仏法を学んでいない人々は、人として行動する際に必ず目的性を持っています。仏法を学ぶ者でも、心が無為の境地に至っていない段階では、やはり大抵の場合目的性を持って行動します。この目的性は、どの心が持つものでしょうか。衆生の行動は欲望に駆られたもので、心には必ず目的性があります。無欲無求で縁に随い本性のままに行動する者は鳳毛麟角のごとく稀です。
行動を起こす前の目的性や欲望は、全て意根のものです。時には意根の欲望や目的性が、意識の唆しや教えによって生じることもあります。意根に欲望があるからこそ、六識を駆使して自らの欲望に従って身口意の行いをなすのです。六識が活動する過程では、それぞれが独自の欲望を持ち、再び意根に影響を与えて変化させ、意根が本来の欲望を滅したり新たな欲望を生じさせたりします。
心量広大な菩薩でない限り、心の一部または全体が無為の境地に達した菩薩でない者が、自分は完全に無欲無求で行動していると主張するなら、信じない方がよいでしょう。その人があなたに接触してくる時、既に何かを求め目的を持っているのは確かです。ただその目的が正邪善悪の別があるだけです。

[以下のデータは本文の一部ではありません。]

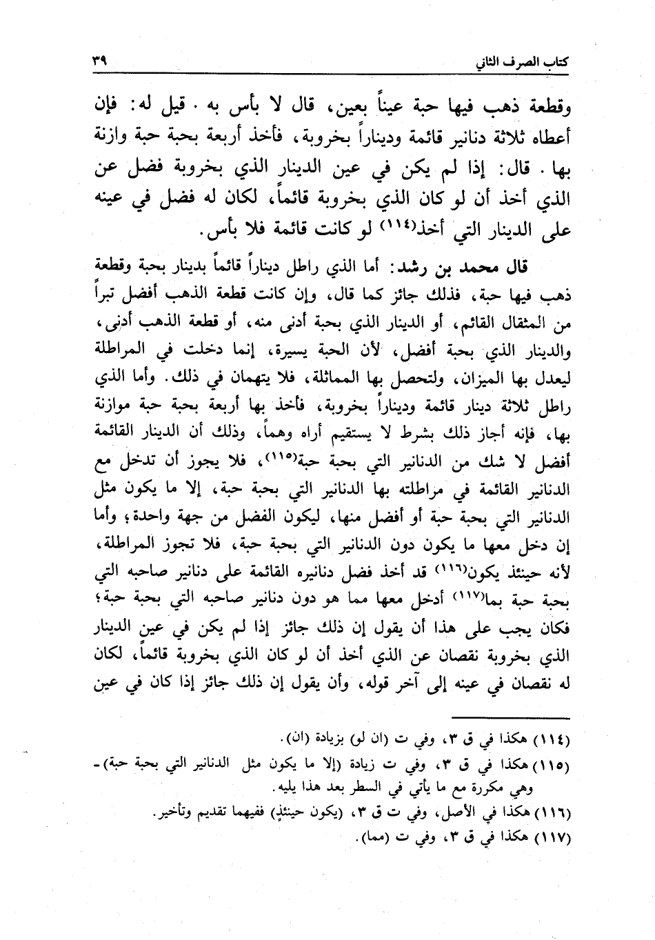 قال محمد بن رشد: أما الذي راطل دينارا قائما بدينار بحبة وقطعة ذهب فيها حبة، فذلك جائز كما قال، وإن كانت قطعة الذهب أفضل تبرا من المثقال القائم، أو الدينار الذي بحبة أدنى منه، أو قطعة الذهب أدنى، والدينار الذي بحبة أفضل؛ لأن الحبة يسيرة، إنما دخلت في المراطلة ليعدل بها الميزان، ولتحصل بها المماثلة، فلا يتهمان في ذلك. وأما الذي راطل ثلاثة دينار قائمة ودينارا بخروبة، فأخذ بها أربعة بحبة حبة موازنة بها، فإنه أجاز ذلك بشرط لا يستقيم أراه وهما، وذلك أن الدينار القائمة أفضل لا شك من الدنانير التي بحبة حبة، فلا يجوز أن تدخل مع الدنانير القائمة في مراطلته بها الدنانير التي بحبة حبة، إلا ما يكون مثل الدنانير التي بحبة حبة أو أفضل منها، ليكون الفضل من جهة واحدة؛ وأما إن دخل معها ما يكون دون الدنانير التي بحبة حبة، فلا تجوز المراطلة؛ لأنه حينئذ يكون قد أخذ فضل دنانيره القائمة على دنانير صاحبه التي بحبة حبة بما أدخل معها مما هو دون دنانير صاحبه التي بحبة حبة؛ فكان يجب على هذا أن يقول: إن ذلك جائز إذا لم يكن في عين الدينار الذي بخروبة نقصان عن الذي أخذ أن لو كان الذي بخروبة قائما، لكان له نقصان في عينه ... إلى آخر قوله، وأن يقول: إن ذلك جائز إذا كان في عين
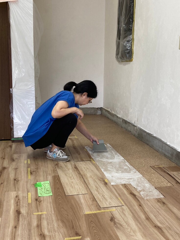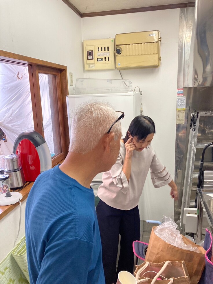 床貼り作業は今日も黙々と進み、近所の方も来てくれて台所づくりのアドバイス。

もし意根に目的がなければ、それは休息し何もしません。仏陀の意根にも目的性があり、それは衆生が解脱を得るためです。仏陀が娑婆世界に来られたのも目的性を持ってのこと、そうでなければ仏は何をするために来られたのでしょうか。目的を持ちながら自覚せず、気付かない者、あるいは故意に気付かない者もいます。意識が微細でなければ、意根の隠された欲望や目的を知ることはできません。